If coefficient of friction between the surface of 25 kg block and fixed vertical wall is 0.4 , and that between both the blocks is also 0.4. All the shown pulleys are light and frictionless; strings are light, perfectly inextensible and smooth. Then, (Take $g=10m/s^2)$

• A. to have the complete system in static equilibrium, the magnitude of minimum horizontal force F towards right (as shown) is equal to $\frac{125}{4}$N.
• B. to have the complete system in static equilibrium, the magnitude of minimum horizontal force F towards right (as shown) is equal to 125 N.
• C. in the equilibrium state, the direction of frictional force exerted by vertical wall on 25 kg block and the direction of frictional force exerted by 25 kg block on 15 kg block, downwards & upwards, respectively.
• D. in the equilibrium state, the direction of frictional force exerted by vertical wall on 25 kg block and the direction of frictional force exerted by 25 kg block on 15 kg block, upwards & downwards, respectively.

Answer 1

Answer: (A), (C)

The correct options are
A to have the complete system in static equilibrium, the magnitude of minimum horizontal force F towards right (as shown) is equal to $\frac{125}{4}$N.
C in the equilibrium state, the direction of frictional force exerted by vertical wall on 25 kg block and the direction of frictional force exerted by 25 kg block on 15 kg block, downwards & upwards, respectively.
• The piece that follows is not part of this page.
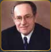
Professor Alan Dershowitz

"Shurat HaDin is one of the most important pro-Israel organizations operating in the world today. It elevates Israel advocacy merely from the streets, classrooms, and the media to courts of law where we can actually prevail for the State of Israel and for pro-Israel people around the country."

FBD of the system is shown in below figure.
For horizontal equilibrium of the blocks, $N_1=N_2=F....\left(1\right)$
$f_1=\mu N_1,f_2=\mu N_2$
Therefore, from (1), $f_1=f_2=\mu F....\left(2\right)$
For $15kg$ block, $T_1+f_1=15g.....\left(3\right)$
For $25kg$ block, $2T_1=f_2+25g+f_1......\left(4\right)$
Using (2) and (3), (4) becomes, $30g-2\mu F=\mu F+25g+\mu F$
$4\mu F=5g,F=\frac{50}{4\left(0.4\right)}=\frac{125}{4}N$
Now as the value of force $F$ is increased to $25N$, the magnitude of frictional forces do not change.
Therefore, (A) and (C) are the correct choices.